• **DATA SHOWN**

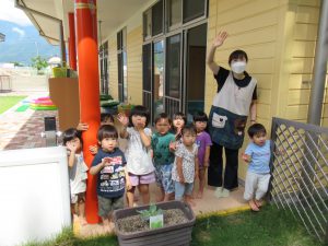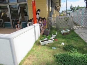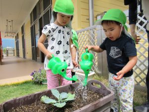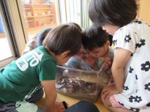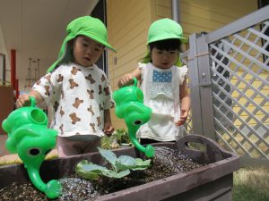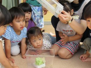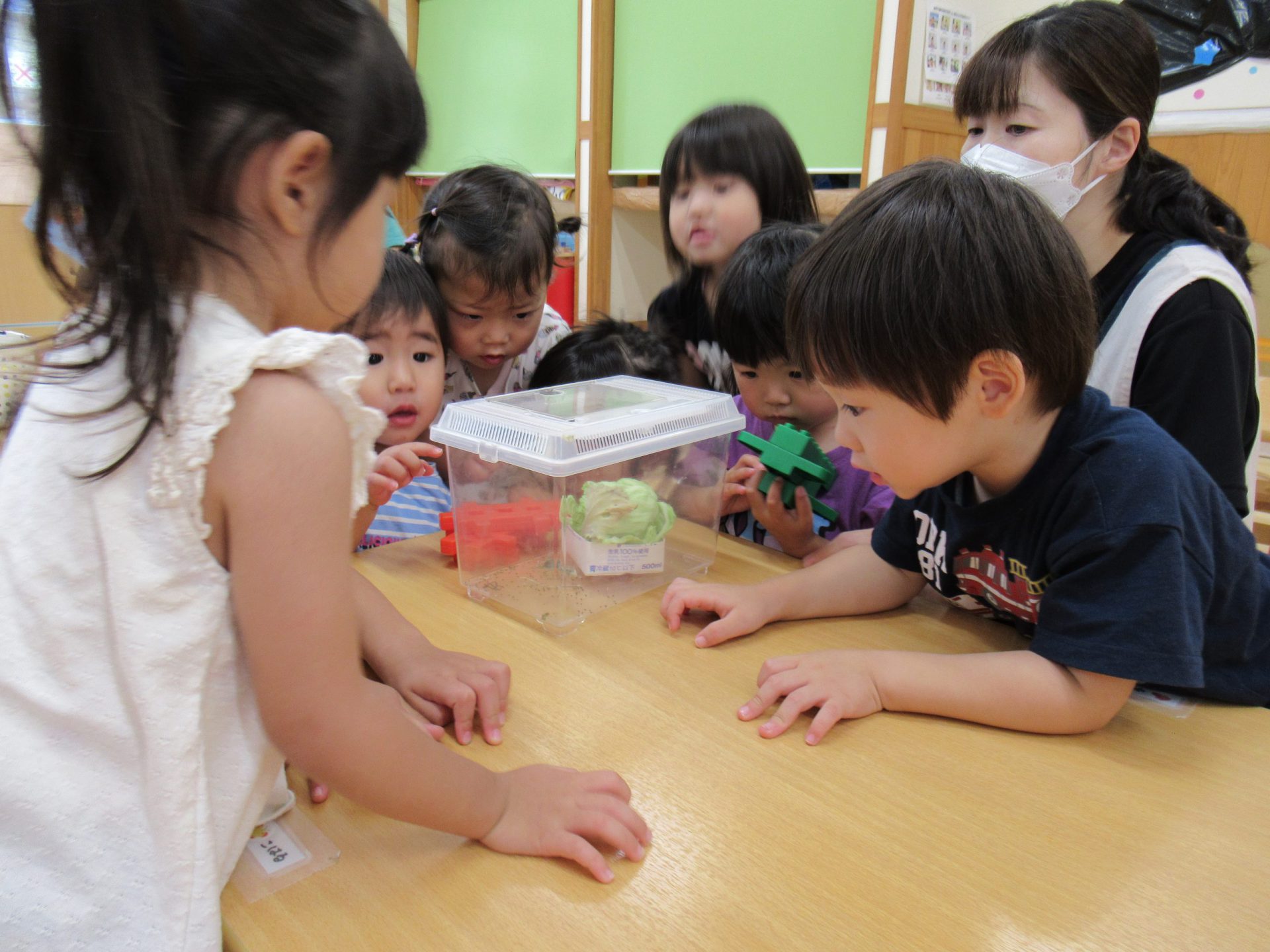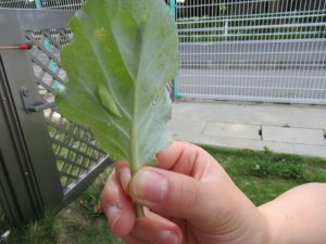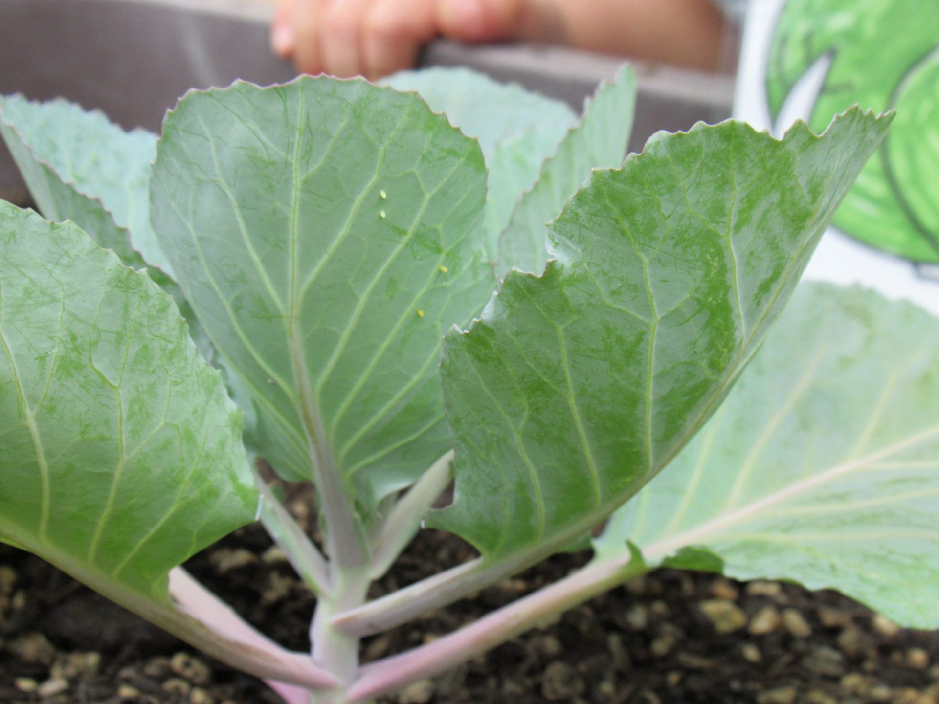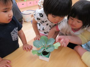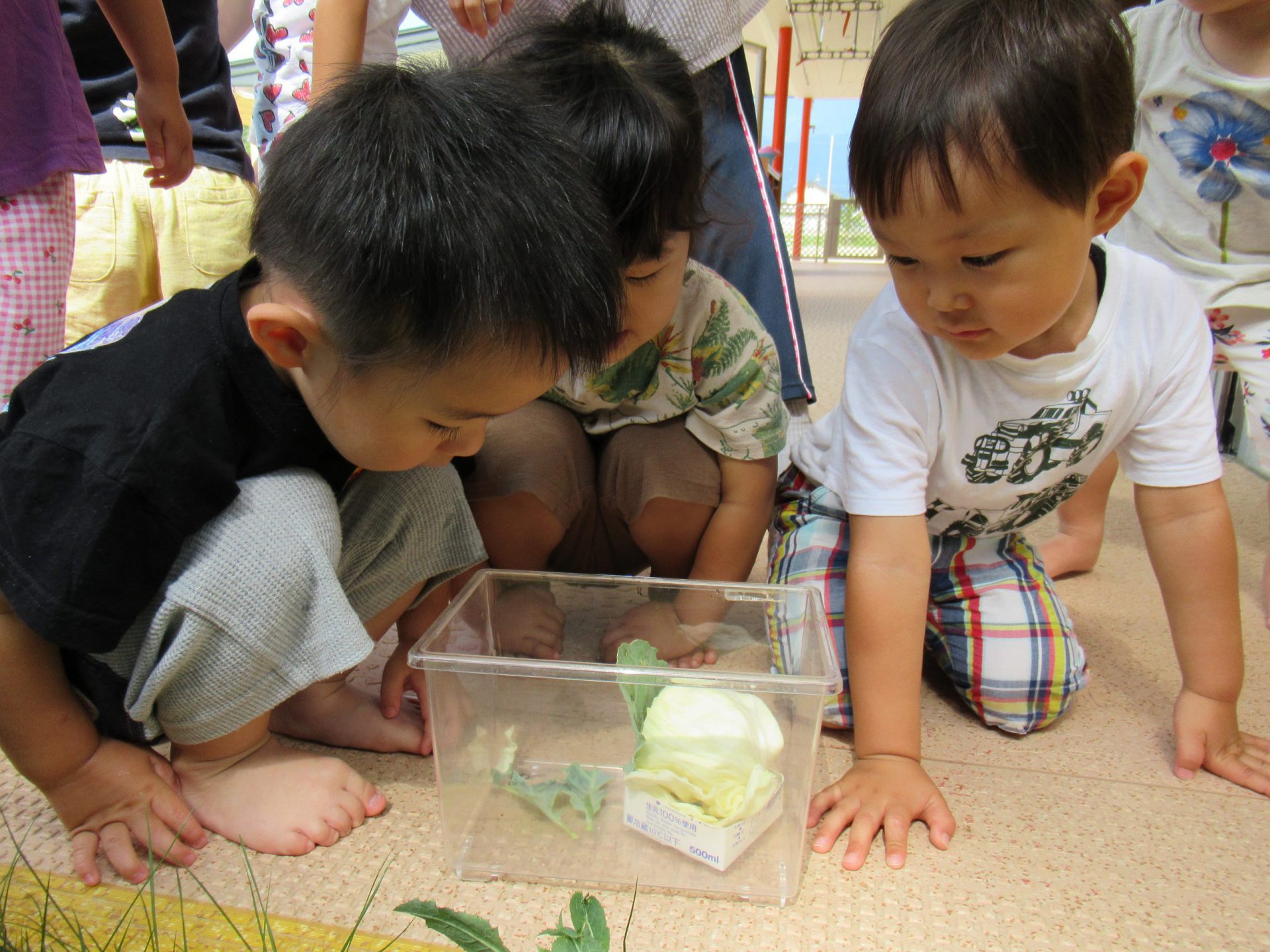 様々な虫や生き物を見たり触れたりして自然に親しんでいければと思いキャベツ・あおむしの生長を観察してきました。
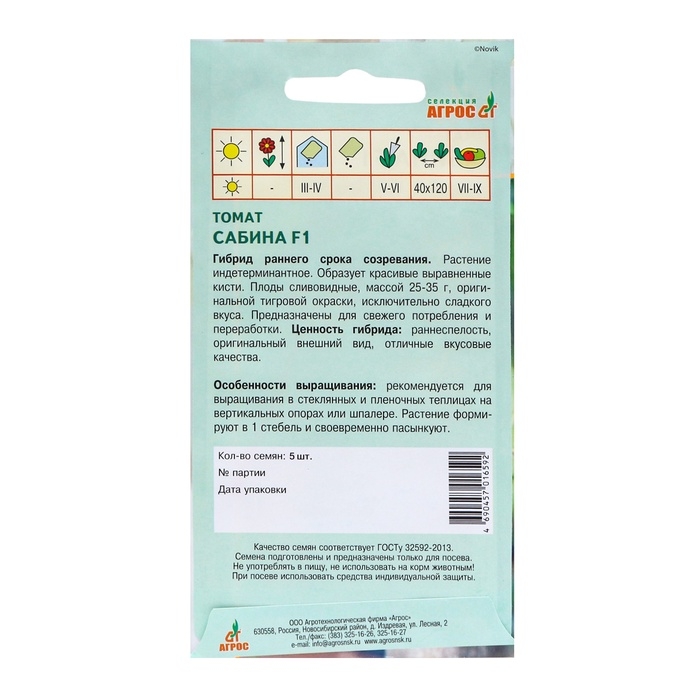 Семена Томат"Сабина"F1 5шт* Селекция Агрос
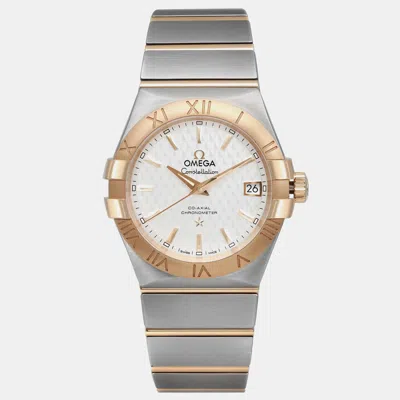 Pre-owned White 18k Gold Stainless Steel Constellation 123.20.35.20.02.006 Automatic Women's Wristwatch 35mm In Silver
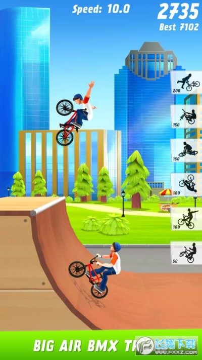 《空气动力小轮车 Max Air BMX》是一款模拟山地自行车驾驶的游戏,玩家可以升级改装自己的自行车,有很多炫酷的招式和动作都可以使用,玩家要驾驶自己的自行车穿越更多赛道和艰难的地方,成为厉害的自行车骑手!

• **PROMPT**
Your copy must repeat the data word for word and show none of its images.

• **ANSWER TO THE PROBLEM**
 様々な虫や生き物を見たり触れたりして自然に親しんでいければと思いキャベツ・あおむしの生長を観察してきました。
 Семена Томат"Сабина"F1 5шт* Селекция Агрос
 Pre-owned White 18k Gold Stainless Steel Constellation 123.20.35.20.02.006 Automatic Women's Wristwatch 35mm In Silver
 《空气动力小轮车 Max Air BMX》是一款模拟山地自行车驾驶的游戏,玩家可以升级改装自己的自行车,有很多炫酷的招式和动作都可以使用,玩家要驾驶自己的自行车穿越更多赛道和艰难的地方,成为厉害的自行车骑手!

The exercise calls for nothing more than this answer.